Congratulations to Dawn, Chris, Bjørn and Joe for their recent paper in Dalton Transactions titled “A folded [2 × 2] metallo-supramolecular grid from a bis-tridentate (1,2,3-triazol-4-yl)-picolinamide (tzpa) ligand“. In this work, a new flexible bis-tridentate donor ligand containing 1,2,3-triazolyl-picolinamide (tzpa) binding sites was developed, which contained structural elements from two of the group favorites 2,6-dipicolinamide (dpa) and 2,6-bis-(1,2,3-triazolyl)pyridine (btp). The new ligand was then used in the formation of a tetranuclear grid with Zn(II) or Fe(II) ions, which was probed with X-ray diffraction, NMR, UV-Visible spectroscopy and mass spectrometry. It also involved a productive collaboration with Dr Manuel Reuther and Dr John O’Brien from the NMR Spectroscopy Facility in TCD, who provided help in understanding the solution behavior of the material using the T1 spin-lattice relaxation parameter in 1H NMR spectroscopy.

New paper accepted in Chemical Science on a novel lanthanide-based white-light emitting system


Varying the colour of the emission by altering the molar fraction of europium in the system (𝛘Eu)
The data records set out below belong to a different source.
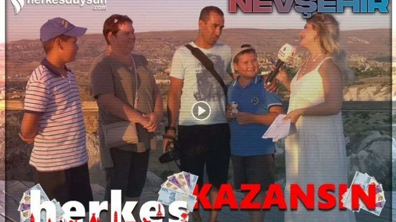 "Türkiye'nin yenilikçi medyası" sloganıyla yola çıkan herkesduysun.com bünyesinde hazırlanan "Herkes Kazansın" isimli para ödüllü bilgi yarışmasının altıncı bölümü yayında. Bu bölümde durağımız Nevşehir!NEVŞEHİR (İGFA) - “Türkiye’nin yenilikçi medyası” sloganıyla yola çıkan herkesduysun.com bünyesinde hazırlanan Herkes Kazansın isimli para ödüllü bilgi yarışmasının bu haftaki durağı Nevşehir oldu. Genel kültür soruları ile vatandaşın karşısına çıkan Herkes Duysun ekibi, bu hafta Nevşehirlilere kazandırdı.
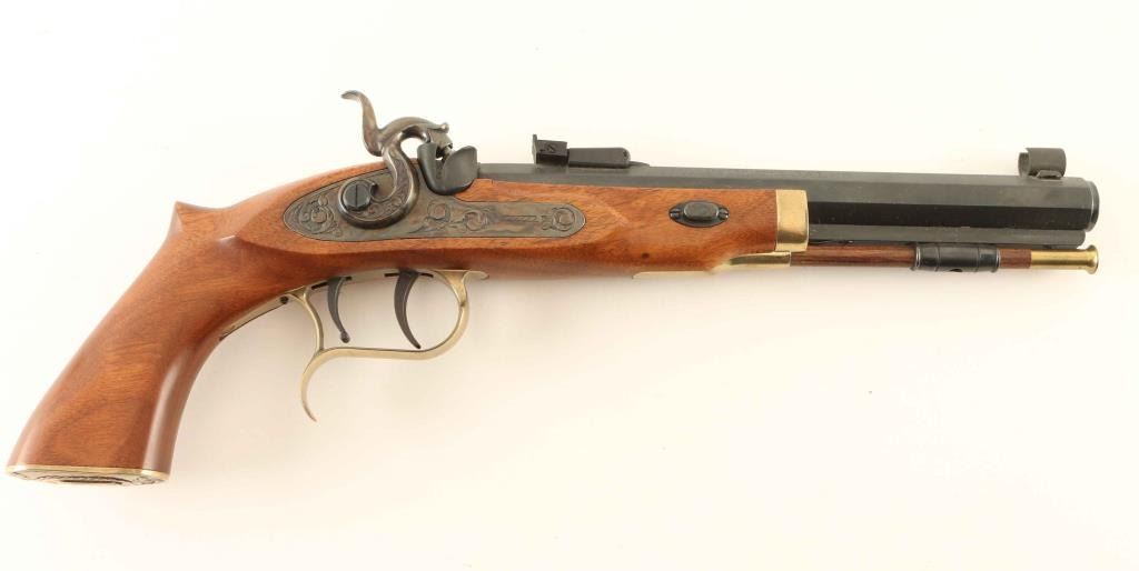 Quality American made single shot muzzle loading percussion target pistol chambered for .45 caliber ammunition. Features a blued 9" octagonal barrel, dovetailed shrouded post front sight, adjustable rear sight, double-set triggers, bass finger rest trigger guard, case hardened lock & hammer, wood ram rod with brass tip, and one-piece walnut stock with brass forend & grip caps. Pistol exhibits approximately 99% of it's original finish showing nice case colors and only minor handling marks. Action is crisp but will not fire without setting the trigger, the bore is excellent and the wood stock is fine. Condition is near NRA Perfect. ***Antique Firearm***
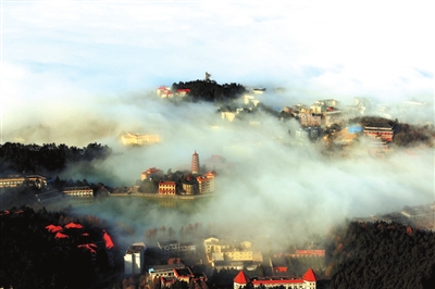 那大厦因云而生,缘雾而设,是龙之宫。一绺雾是玉带,一团云是锦帐,缠住了从古至今的天地情,裹住了九宫山仙凡界的绝世情恋。朦胧处,有谁知九王子的婚期,有谁知陶姚妃子的踪影?高耸入云的塔尖,仰望雨滴的恩泽,一阵激动的泪雨,酿成云湖的浩淼,雁影云中掠过,翎落波光潋滟,化作桨楫,接走了多少期盼,多少梦想。
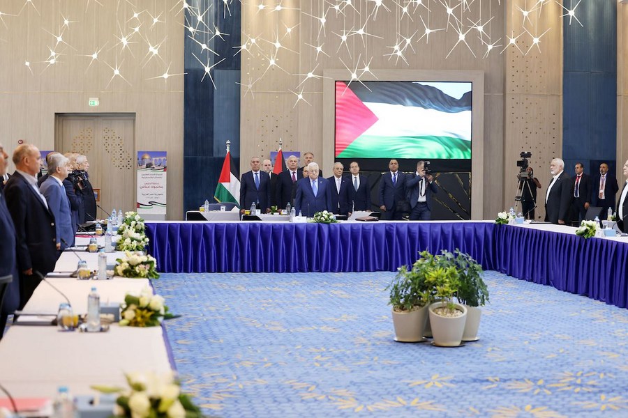 Photo taken on July 30, 2023, shows the scene of the reconciliation meeting of heads of Palestinian factions held in New Alamein City, Egypt. (Palestinian Embassy in Egypt/Handout via Xinhua)
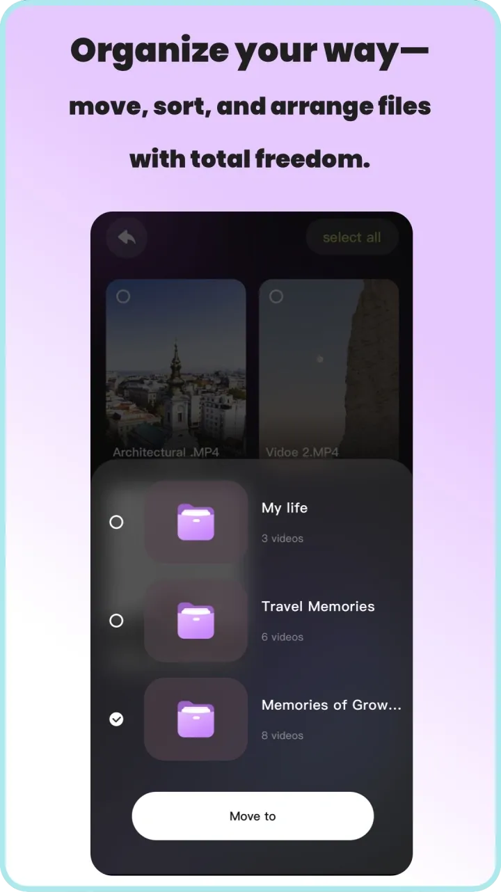 This is your dedicated command center for mobile videos. Centered around your personal footage, it connects everyday clips, downloaded movies, and custom-created folders. With one tap for smooth playback, precise organization, or bulk sorting, it turns every moment captured on your phone into timeless HD memories that can be treasured and revisited anytime.
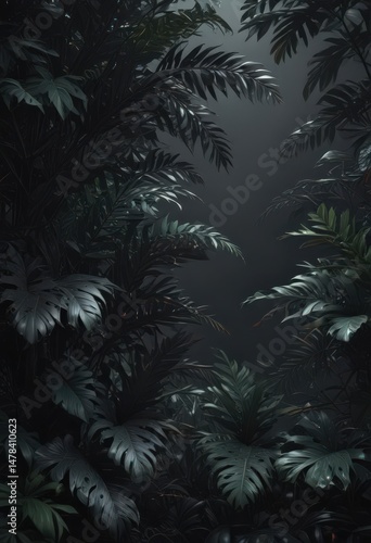 Fototapeta premium Intricate dark foliage, overlapping leaves, mysterious tropical design ,...
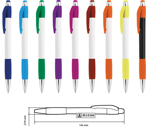 Химикалка, пълнител обикновен. Материал: пластмаса. Размер на артикула: Ø10х142 mm. Печатаемо поле: 45х5 mm Печат: тампонен, ситопечат. Опаковка: 50 бр. в кутия/1000 бр. в кашон. При поръчка, количеството да е кратно на 50 бр.

Congratulations to Oxana Kotova, Steve Comby and Christophe Lincheneau on their paper entitled “White-light emission from discrete heterometallic lanthanide-directed self-assembled complexes in solution” which has been accepted into the RSC journal Chemical Science. In this work, the newly designed multidentate ligand tdt was used, which provides three individual tridentate binding sites for lanthanide (Ln) ions. White-light emission was successfully achieved by carefully tuning (i) the molar ratio of Eu(III) and Tb(III) within the assembly and thus the relative intensity of the red and green emission, (ii) the excitation wavelength, as the tdt ligand consists of two different chromophores, and (iii) the ligand concentration, which greatly affects the intensity of the blue emission within the overall self-assembled complexes. We envisage that this system can be further developed and find its application as white-light emitting material or as a ratiometric sensor.